Start of Data records

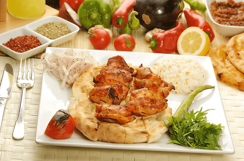 Chicken kebabs with sour cream and mustard sauce
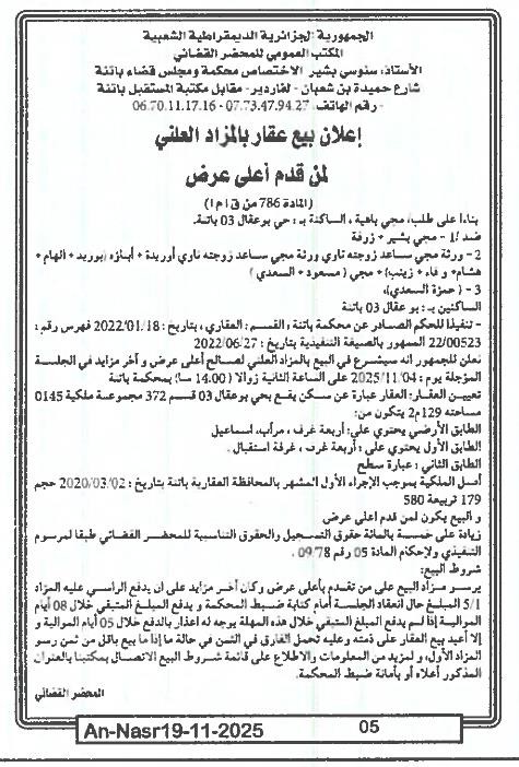 | Paru dans le journal : النصر | |
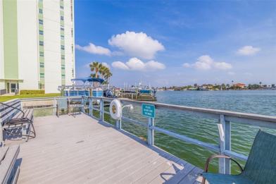 Lovely guard gated FURNISHED highrise condo unit with water views. This open concept condo features 1 bedrooms, 1.5 bathrooms, a walk in closet, open concept kitchen and 1 assigned parking space. located at the lovely community of Three Palms Pointe in St Pete Beach, the community amenities include a beautiful pool that overlooks the inter-coastal, fitness center, community lounge and library, a social room with billiards and other games, fishing dock and so much more. This is a wonderful place to call home and only minutes to walk to the beach and tons of restaurants and shopping close by.
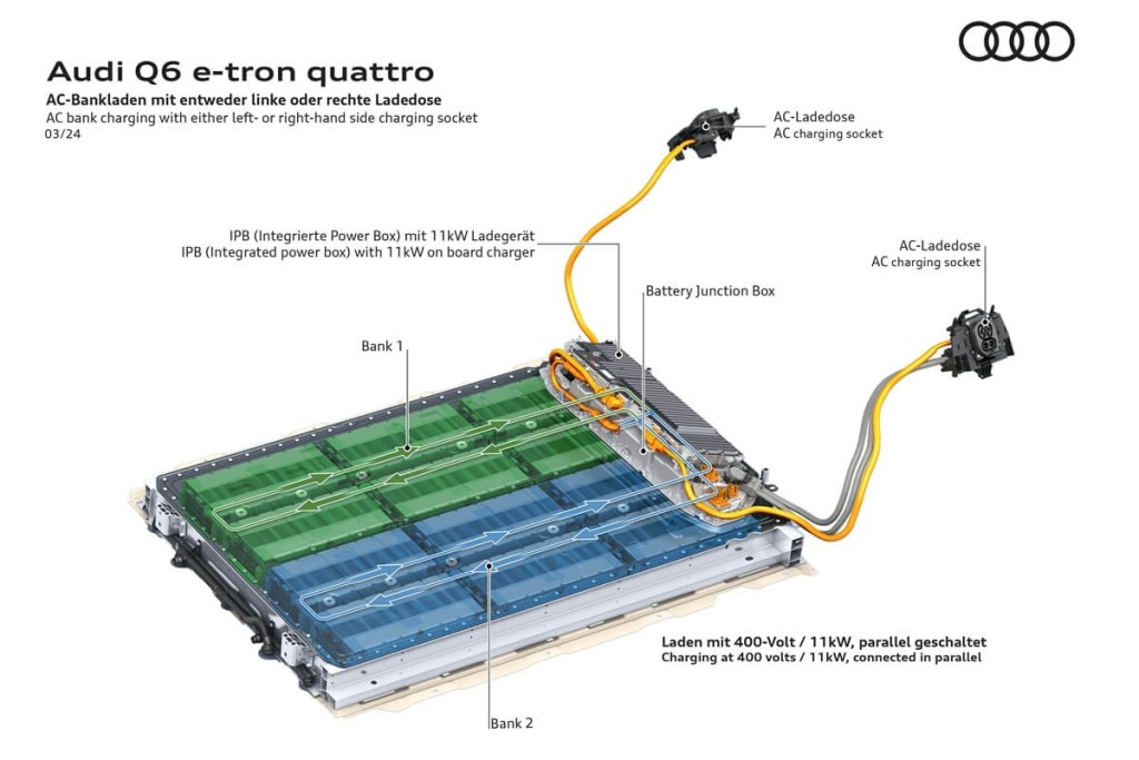 對於面向歐洲市場的PPE車型,Audi計劃透過車輛左後方的CCS組合連接器提供直流和交流充電選項。車輛的另一側將安裝一個額外的交流充電連接器。而Audi Q6 e-tron系列標配11 kW交流電充電系統。這意味著空電池會在一夜之間可完成充電。22 kW的交流充電系統將在以後作為選配提供。充電埠蓋可以透過MMI顯示螢幕方便地打開,也可以在蓋子本身上輕輕按壓開啟。而拔下充電線後,充電口會自動關閉。
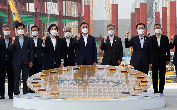 ▲ 문재인 대통령이 13일 오후 경기 평택시 삼성전자 평택단지 3라인 건설현장에 마련된 야외무대에서 열린 ‘K-반도체 전략 보고’에서 ‘반도체 생태계 강화 연대 협력 협약식’을 마친 후 참석자들과 기념촬영을 하고 있다. (사진=(c) 연합뉴스)이번 추진전략에서는 먼저 판교와 기흥~화성~평택~온양의 서쪽, 이천~청주의 동쪽을 용인에서 연결해 K-반도체 벨트를 완성, 세계 최대의 반도체 국가로 도약할 계획이다.
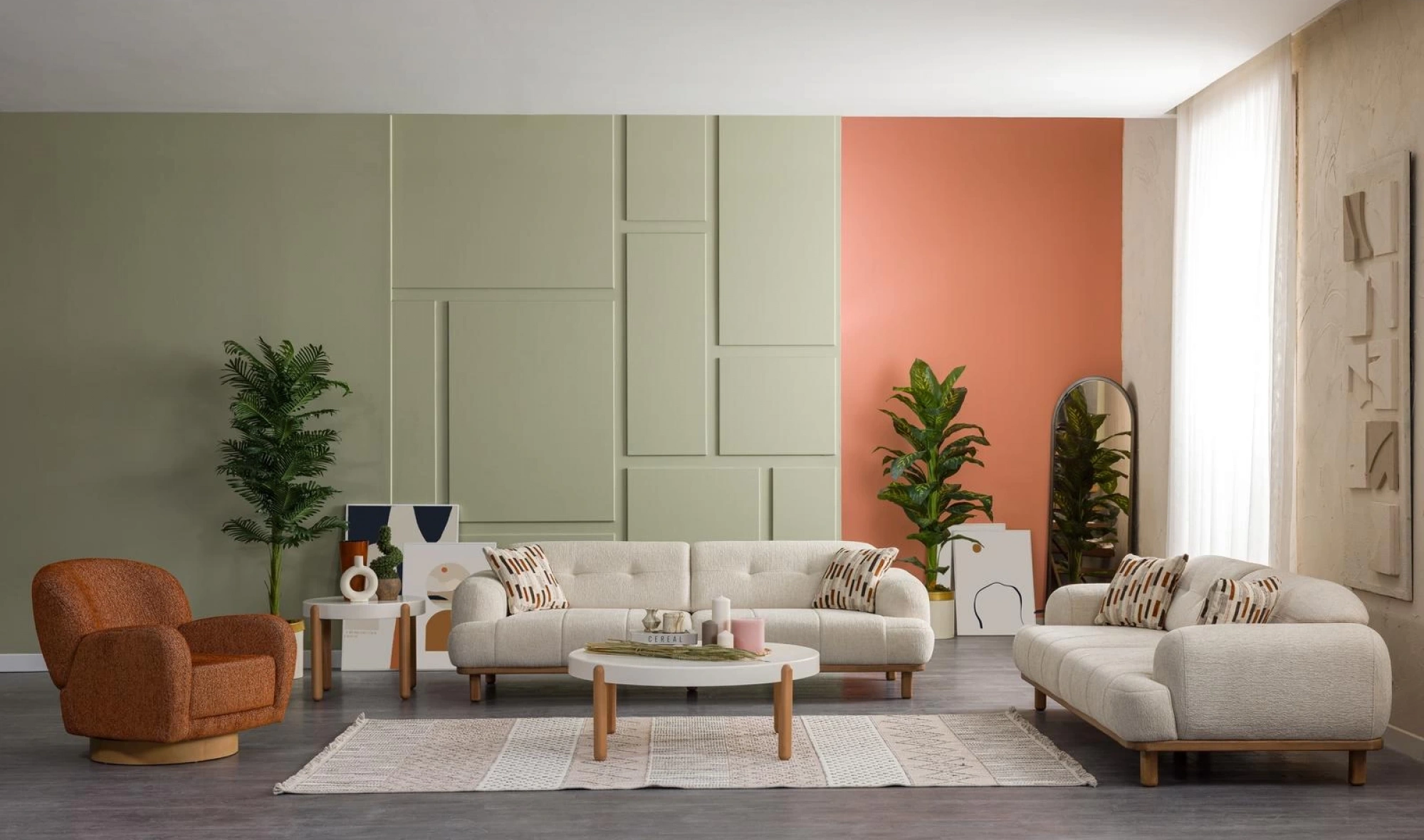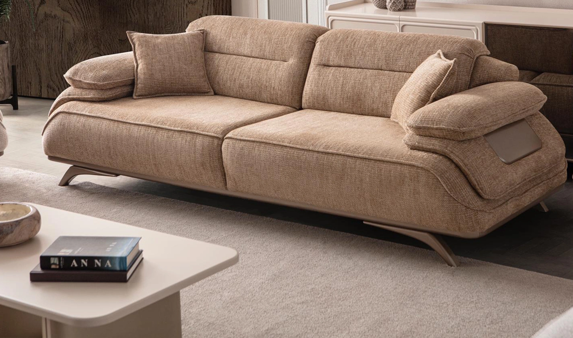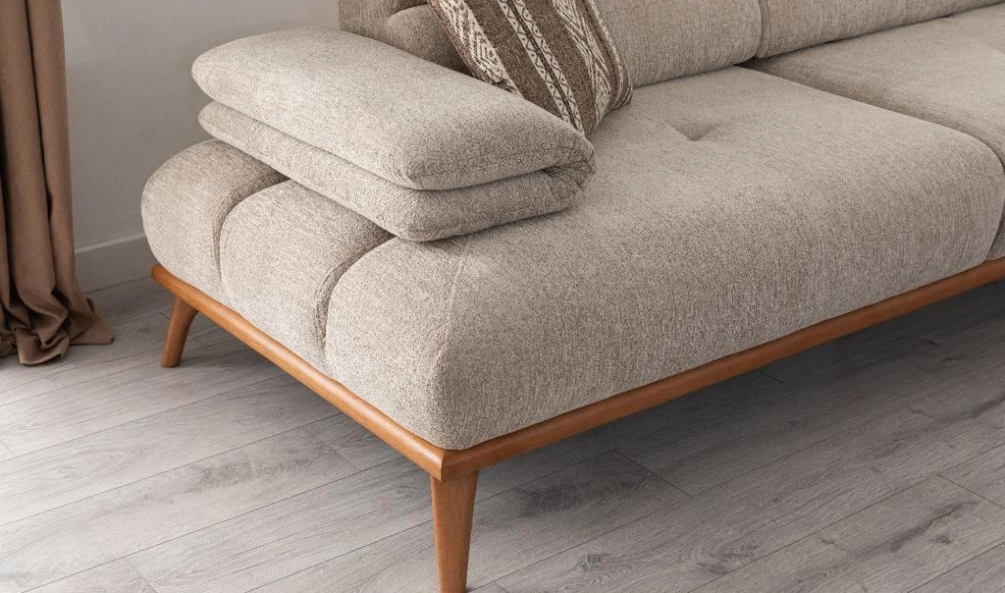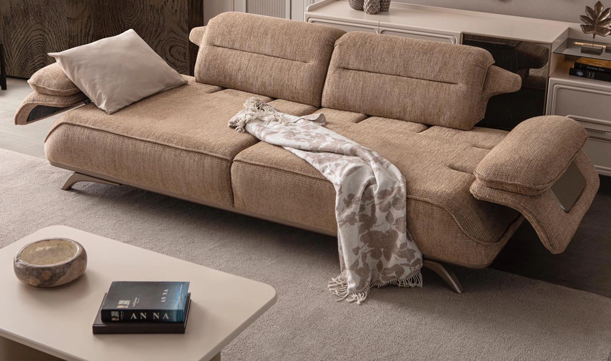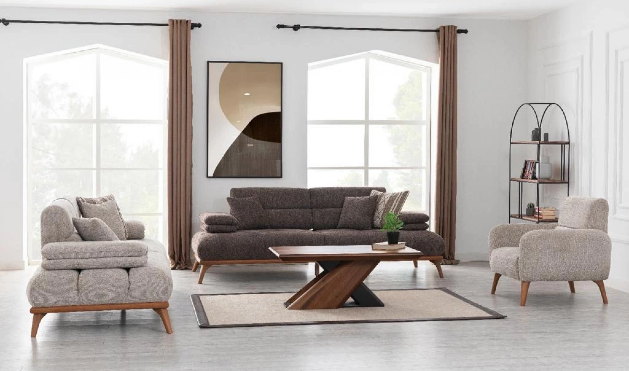 Cesi Koltuk Takımı, modern yaşam alanlarına konfor, zarafet ve fonksiyonelliği bir arada sunmak üzere tasarlandı. Kadife ve nubuk kumaş kombinasyonu, hem yumuşak dokusu hem de dayanıklılığıyla dikkat çeker. Gri, antrasit ve turuncu tonlarının uyumu, ortama sofistike bir karakter kazandırır. Yerden yüksek metal ayak tasarımı sayesinde temizlik kolaylığı sağlarken, sırt mekanizması ve yatak olma özelliği pratik kullanım avantajı sunar.
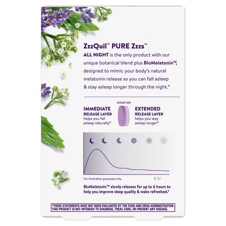 Vicks Zzzquil PURE Zzzs All Night Extended Release Melatonin Sleep Aid, Dietary Supplement, 14 Ct
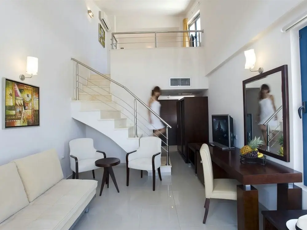 Maisonette SSV/SV Открытая планировка. Спальня на верхнем уровне (двуспальная кровать) и гостиная с диваном на нижнем уровне.
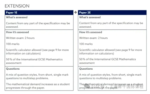 牛津AQA考试局的IGCSE数学课程设有(Core核心)与(Extension拓展)两个难度级别,其中拓展级别的考试难度较高。
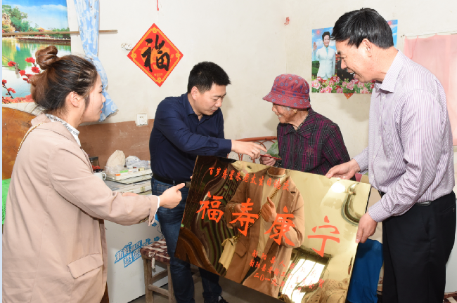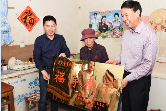 看到老人有如此強(qiáng)健的體魄和對(duì)答如流的話語后,宋艮高感慨地說,老人的健康長(zhǎng)壽離不開社會(huì)的環(huán)境,更離不開家人的悉心照顧,他在向百歲老人獻(xiàn)上2000元的慰問紅包同時(shí),還代表射陽縣人民政府和射陽縣老齡委把寫有百歲壽星朱老太生日?慶的福壽康寧字樣的福壽牌匾遞給了老人,并與老人一起合影留念。同時(shí)還希望朱榮美繼續(xù)照顧好老人的生活起居,真正使老人老有所養(yǎng)、老有所樂。

End of Data records

What is being asked | Only the lines from the line with "국가로 도약할 계획이다." through the end of the entries above, copied exactly and with both ends included, belong in the response; the pictures do not.

Solution for this exercise |
 ▲ 문재인 대통령이 13일 오후 경기 평택시 삼성전자 평택단지 3라인 건설현장에 마련된 야외무대에서 열린 ‘K-반도체 전략 보고’에서 ‘반도체 생태계 강화 연대 협력 협약식’을 마친 후 참석자들과 기념촬영을 하고 있다. (사진=(c) 연합뉴스)이번 추진전략에서는 먼저 판교와 기흥~화성~평택~온양의 서쪽, 이천~청주의 동쪽을 용인에서 연결해 K-반도체 벨트를 완성, 세계 최대의 반도체 국가로 도약할 계획이다.
 Cesi Koltuk Takımı, modern yaşam alanlarına konfor, zarafet ve fonksiyonelliği bir arada sunmak üzere tasarlandı. Kadife ve nubuk kumaş kombinasyonu, hem yumuşak dokusu hem de dayanıklılığıyla dikkat çeker. Gri, antrasit ve turuncu tonlarının uyumu, ortama sofistike bir karakter kazandırır. Yerden yüksek metal ayak tasarımı sayesinde temizlik kolaylığı sağlarken, sırt mekanizması ve yatak olma özelliği pratik kullanım avantajı sunar.
 Vicks Zzzquil PURE Zzzs All Night Extended Release Melatonin Sleep Aid, Dietary Supplement, 14 Ct
 Maisonette SSV/SV Открытая планировка. Спальня на верхнем уровне (двуспальная кровать) и гостиная с диваном на нижнем уровне.
 牛津AQA考试局的IGCSE数学课程设有(Core核心)与(Extension拓展)两个难度级别,其中拓展级别的考试难度较高。
 看到老人有如此強(qiáng)健的體魄和對(duì)答如流的話語后,宋艮高感慨地說,老人的健康長(zhǎng)壽離不開社會(huì)的環(huán)境,更離不開家人的悉心照顧,他在向百歲老人獻(xiàn)上2000元的慰問紅包同時(shí),還代表射陽縣人民政府和射陽縣老齡委把寫有百歲壽星朱老太生日?慶的福壽康寧字樣的福壽牌匾遞給了老人,并與老人一起合影留念。同時(shí)還希望朱榮美繼續(xù)照顧好老人的生活起居,真正使老人老有所養(yǎng)、老有所樂。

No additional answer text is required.